*** Opening of EXTRACTED MATERIAL ***

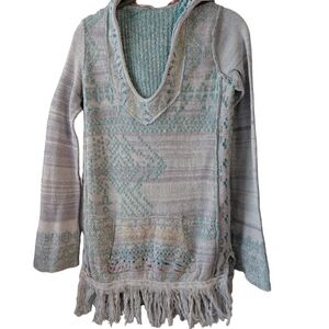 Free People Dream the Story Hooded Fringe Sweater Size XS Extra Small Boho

*** Close of EXTRACTED MATERIAL ***
*** Opening of EXTRACTED MATERIAL ***

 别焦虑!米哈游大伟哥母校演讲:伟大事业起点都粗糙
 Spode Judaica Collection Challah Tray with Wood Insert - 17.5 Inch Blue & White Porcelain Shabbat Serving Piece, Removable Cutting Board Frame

*** Close of EXTRACTED MATERIAL ***

> PROBLEM DETAILS
Above are the records; from them, give again exactly the lines from the one containing "别焦虑!米哈游大伟哥母校演讲:伟大事业起点都粗糙" through the one containing "Spode Judaica Collection", both included.

> SOLUTION FOR THIS TASK
 别焦虑!米哈游大伟哥母校演讲:伟大事业起点都粗糙
 Spode Judaica Collection Challah Tray with Wood Insert - 17.5 Inch Blue & White Porcelain Shabbat Serving Piece, Removable Cutting Board Frame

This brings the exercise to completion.